Смагина изумила эта странная исповедь.
— Но тогда сделай вывод из всего этого. Зачем тебе напрасно гибнуть? Если ты веришь, что большевизм неизбежен, значит, народ этого хочет.
— Я думал об этом, вернее, порывался думать, но сейчас уже поздно…
— Нет, еще не поздно. Сделай над собой еще одно усилие, но усилие настоящее.
Сурен опустил голову, а когда поднял ее вновь, лицо его было спокойно.
— Ну, довольно об этом. Чему быть, того не миновать. Может, я бы и сумел вытащить себя за волосы из этого омута, если бы… не чудовищная любовь, которая меня доконала.
— Любовь?.. — удивленно воскликнул Смагин.
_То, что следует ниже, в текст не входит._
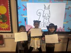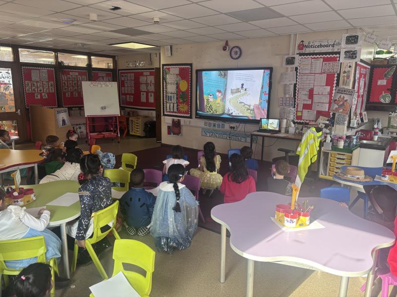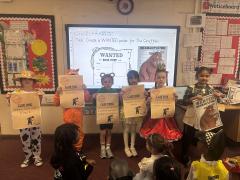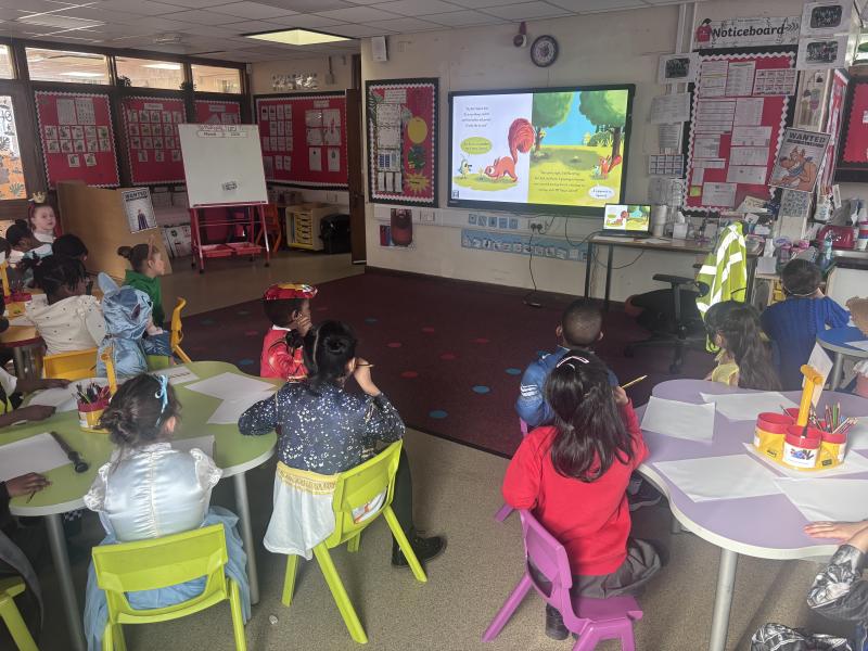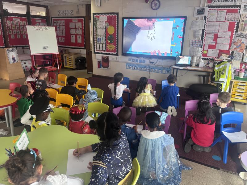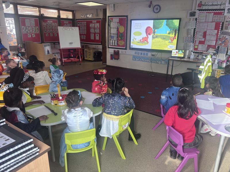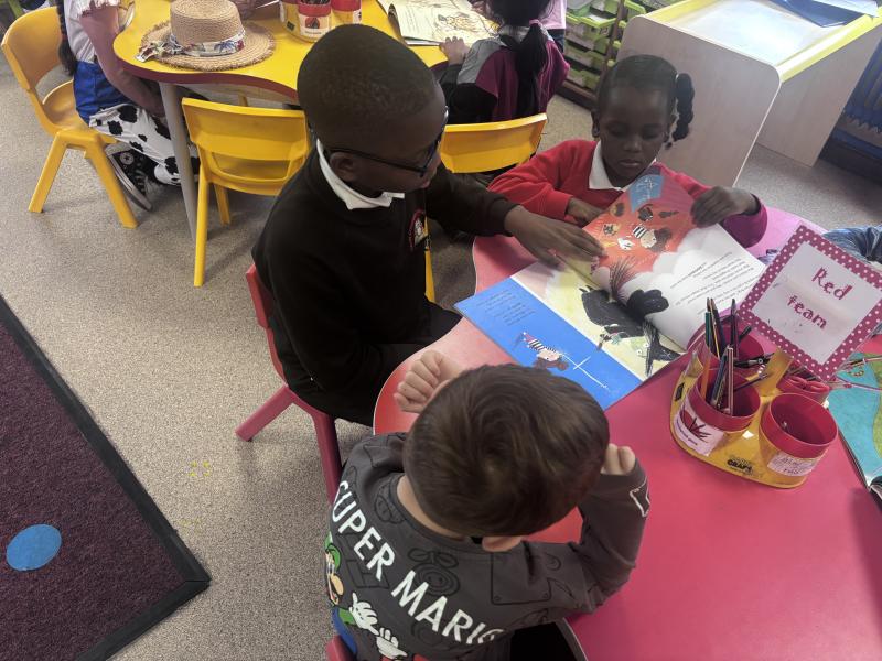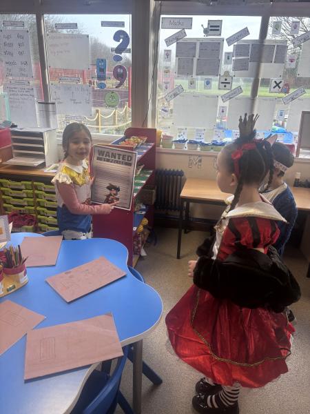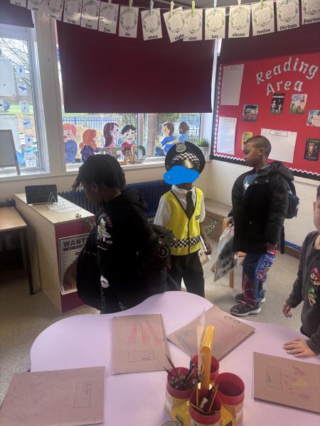 Well, when Class 1 came in this morning they had a BIG surprise! There was a crime scene in the reading area and someone had stolen ALL of the books!! We worked together to solve the clues and figured out that it was the naughty Gruffalo. The children made wanted posters for him and we are going to check the cameras later to see if we can see him stealing them.

— Да, именно, потому что она из самого обыкновенного, здравомыслящего, не лишенного добрых чувств человека сделала меня тем чудовищем, которое сидит перед тобой. Посмотри на меня, — Сурен с презрением коснулся рукой своего оружия. — Я имел несчастье полюбить прекрасную девушку, на которую не произвел никакого впечатления. Так как я был избалован женщинами, это меня потрясло. Когда же я убедился, что она не изменит своего отношения ко мне, в моей душе поднялась такая бешеная злоба, о существовании которой я и не подозревал. Это и толкнуло меня в объятия головорезов. Зная, что им все проходит безнаказанно, я решил под их прикрытием похитить эту девушку и овладеть ею насильно, надеясь, что тогда ей ничего больше не останется, как согласиться стать моей женой. — Он осушил до дна еще один стакан коньяка и продолжал: — Короче говоря, похищение совершилось. Но когда мы остались вдвоем, я почувствовал, что я либо недоносок, либо гораздо благороднее, чем считал себя сам. Ведь до этого мне казалось, что благородство — лишь пустая болтовня слабых духом. Я взглянул в ее глаза, но в них не было ни ненависти, ни испуга, а лишь одно безразличие, и краска бросилась мне в лицо. Я понял, что теперь она гораздо дальше от меня, чем когда–либо, что я не только не могу, но и не хочу сдвинуться с места. Я сидел перед ней, как растерявшийся школьник, пока она не привела меня в сознание вопросом: «Как зовут твою мать?» Мне не хватило сил произнести имя матери: ее, как и девушку, звали тоже Аника. Я с трудом поднялся. Боясь встретиться с нею глазами, проводил ее до самого дома ее родителей ненастной осенью, ночью, в полном мраке… За всю дорогу мы не сказали друг другу ни слова. Я сам постучал в дверь. Когда в окнах зажегся свет и в доме послышались торопливые шаги, Аника, так звали мою девушку, вдруг судорожно обняла меня за шею и, притянув мое лицо к своему, внезапно поцеловала меня в губы… Я не помню, что было дальше. Я почувствовал свое существование позже, когда шел обратно по той же пустынной дороге. Я уже не говорю про наших головорезов, думается мне, может быть, даже вы будете смеяться надо мной, но с той же минуты, когда я получил от Аники неожиданный поцелуй, я понял, что все определения любви, которые только существуют в мире, беспомощны, больше того — фальшивы. Любовь — это вот один поцелуй, который озарил на мгновенье мою душу и в то же время убил во мне любовь.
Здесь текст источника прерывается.